Brief:
The lines from the top of the material below through the line containing "Sky Blue Macrame" are to be printed exactly, with pictures omitted.

Dataset extract:

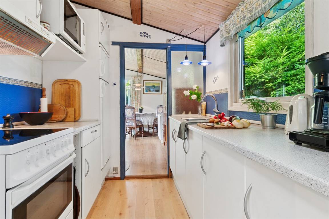 Im Inneren findest du ein großes, helles Wohn- und Esszimmer, mit viel Platz für das gemeinsame Beisammensein mit Familie und Freunden. Die Küche ist nicht mehr ganz neu, aber funktional. Es gibt drei Schlafzimmer; eines mit Doppelbett, eines mit zwei Einzelbetten und eines mit einer Doppelschlafcouch. Im Gästehaus findest du zwei weitere Schlafplätze in einem Doppelbett. Das moderne Badezimmer verfügt über eine Duschnische, Fußbodenheizung und eine Waschmaschine.
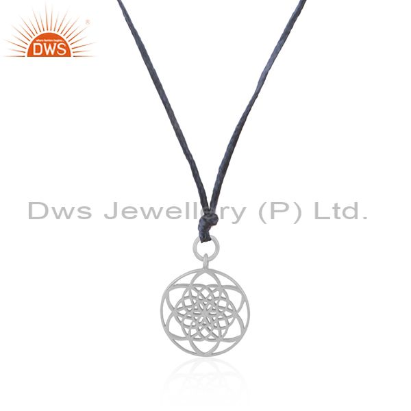 Sky Blue Macrame Cord Solid 925 Sterling Fine Silver Pendant Supplier
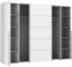 Dieser geräumige Kleiderschrank ist ein funktionales Möbelstück, das jeder nützlich finden wird. Er wird gut in einem Schlafzimmer oder Ankleidezimmer funktionieren. Das wunderschöne, ruhige Weiß-Dekor passt zu anderen Möbeln und Accessoires. Rückwand aus HDF-Platte, Die Griffe sind aus Kunststoff mit einer Oberfläche in Aluminium-Optik, Dieser Kleiderschrank ist ein perfekter Ort, um eine große Anzahl von Kleidungsstücken sowohl zum Aufhängen als auch zum Stapeln aufzubewahren, Der Kleiderschrank verfügt über zehn geräumige Regale und zwei Stangen, Verwendeter Türtyp: Schiebe- und Drehtüren
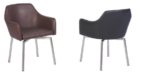 Silla en cuero sintético color negro y café con patas en metal delgadas
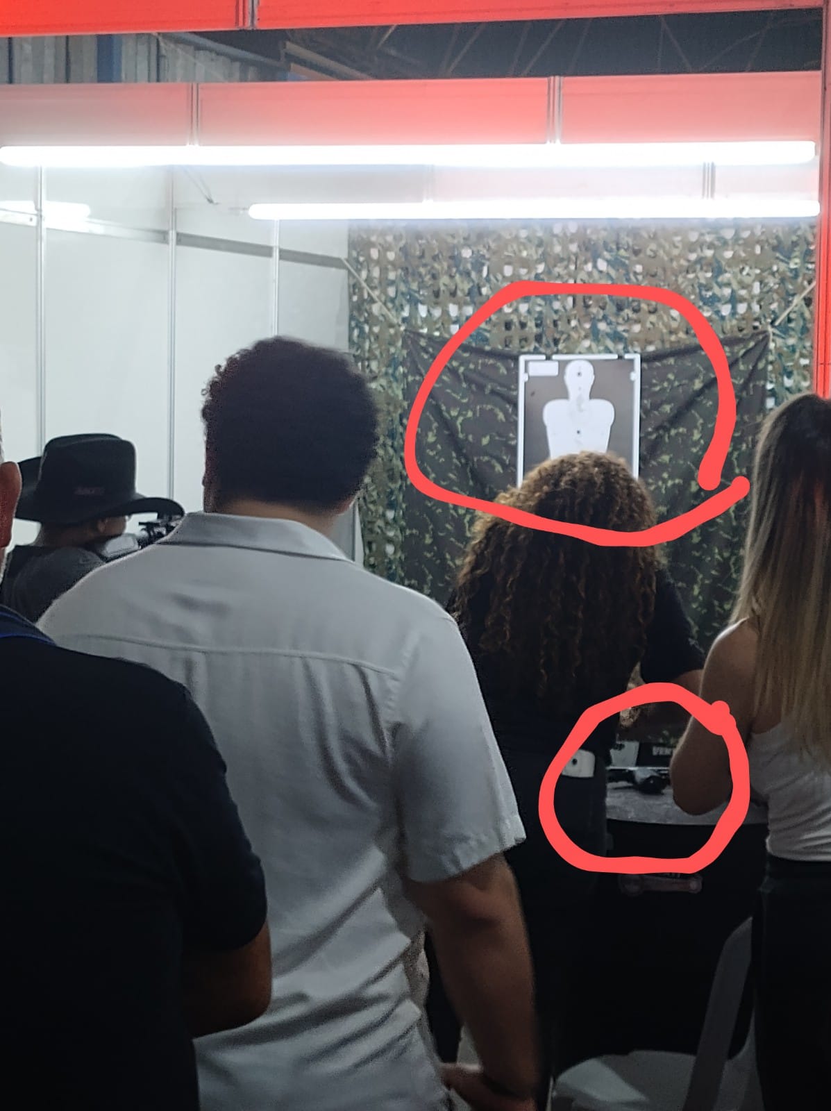 No final de semana, menores de idade disparavam contra um alvo imitando um corpo humano, orientados por policiais. A fila era enorme.

Task output:
 Im Inneren findest du ein großes, helles Wohn- und Esszimmer, mit viel Platz für das gemeinsame Beisammensein mit Familie und Freunden. Die Küche ist nicht mehr ganz neu, aber funktional. Es gibt drei Schlafzimmer; eines mit Doppelbett, eines mit zwei Einzelbetten und eines mit einer Doppelschlafcouch. Im Gästehaus findest du zwei weitere Schlafplätze in einem Doppelbett. Das moderne Badezimmer verfügt über eine Duschnische, Fußbodenheizung und eine Waschmaschine.
 Sky Blue Macrame Cord Solid 925 Sterling Fine Silver Pendant Supplier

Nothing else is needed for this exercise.